- Interactive map of Range Ponds State Park
- Location: Poland, Maine, United States
- Coordinates: 44°02′17″N 70°20′32″W﻿ / ﻿44.038031°N 70.342181°W
- Area: 740 acres (300 ha)
- Elevation: 308 ft (94 m)
- Established: 1965
- Administrator: Maine Department of Agriculture, Conservation and Forestry
- Website: Range Ponds State Park
- Maine State Parks

= Range Ponds State Park =

State park in Androscoggin County, Maine

Range Ponds State Park is a public recreation area wrapping around the eastern end of Lower Range Pond in the town of Poland in Androscoggin County, Maine. The state park offers a sandy beach with lifeguard-supervised swimming, kayaking, limited motorized boating, hiking trails, and fishing. Mountain biking trails, built with the help of local volunteers, provide intermediate level, single-track loops off a central double-track trail that winds through mature pine and hardwood forests.

==History==
The park was created after the State Park and Recreation Commission acquired over 500 acres of land bordering Lower Range Pond in 1965 from Hiram Ricker and Sons, bottlers of Poland Spring Water.

==Range Ponds==

The three Range Ponds are at the same elevation and connected by narrow necks where bridges carry roads over the pond. Flow sequence is from the upper pond through the middle pond to the lower pond which overflows through Range Brook to the Little Androscoggin River in Mechanic Falls 3 mi to the north. The ponds have native populations of chain pickerel, white perch, and smallmouth bass, and have been stocked with brown trout and largemouth bass.
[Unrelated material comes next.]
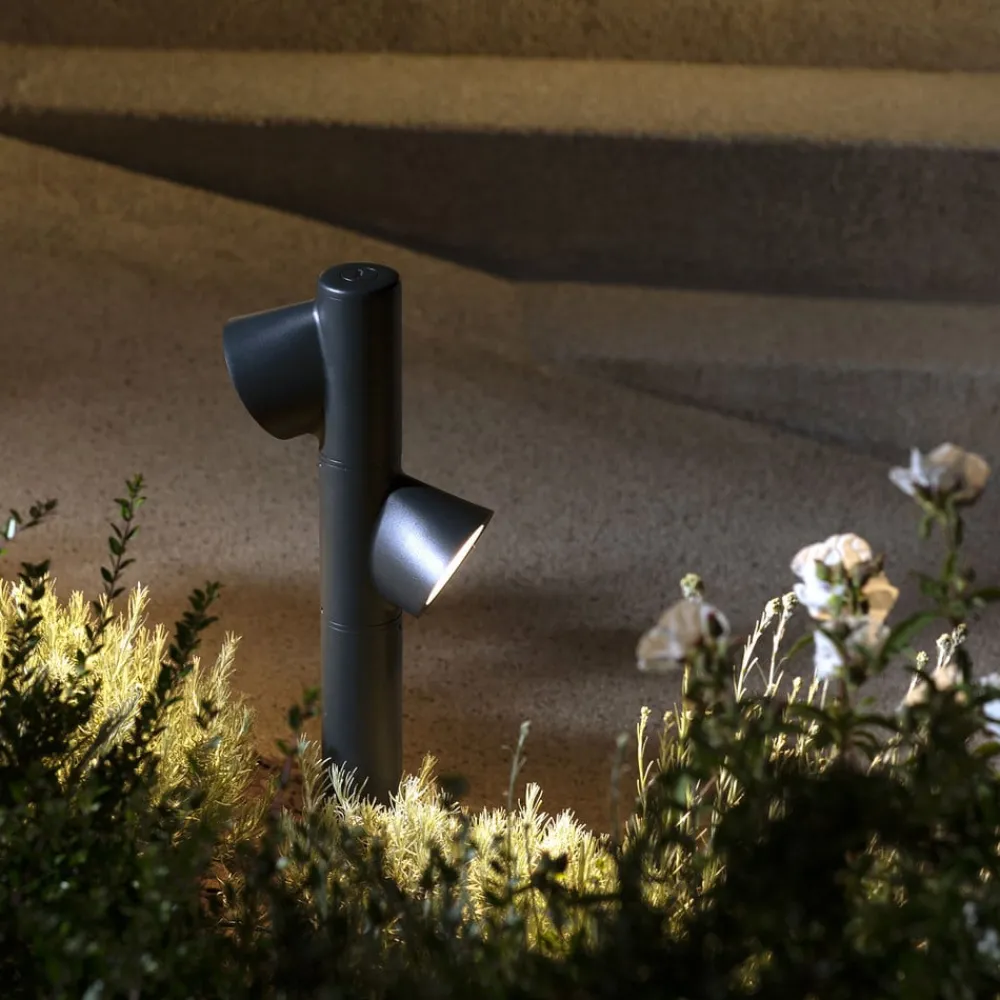 Bruco LED-gatelampe banelys med sin sylindriske aluminiumsdel i mørk antrasitt ser moderne ut og gjennom. De to runde lysuttakene er integrert i det øvre området av sylinderen, som kan roteres individuelt under installasjonen – i felles retning eller i motsatt retning. LED-lampene er bak deksler laget av opal polykarbonat, som sikrer et bredt og diffust utslipp av varmt hvitt lys.

These species of angling interest prey on native rainbow smelt and stocked alewife. Stocking with rainbow trout and land-locked Atlantic salmon has been discontinued.

===Upper Range Pond===
Upper Range Pond is the shallowest of the three ponds. It is the southernmost pond, and the north end connects to the middle pond.

===Middle Range Pond===
Middle Range Pond extends from the upper pond at its southern end to the lower pond at its northern end. Maine State Route 26 bridges the narrows where the middle pond connects to the lower pond. Middle pond is the largest and deepest of the three, and supports some lake trout. There is no spawning or nursery habitat for brook trout, but the species is regularly stocked for angling. Black crappie were illegally introduced to the middle pond in the early 21st century.

===Lower Range Pond===
Covering 290 acre, Lower Range Pond is the smallest, but longest, of the three; and forms the top of a "T" with the middle and lower ponds. The north end of the middle pond connects to a short bay on the southwest side of the lower pond. The state park is on the northeast shore and southeast end of the lower pond, while the northwest end of the lower pond overflows as Range Brook.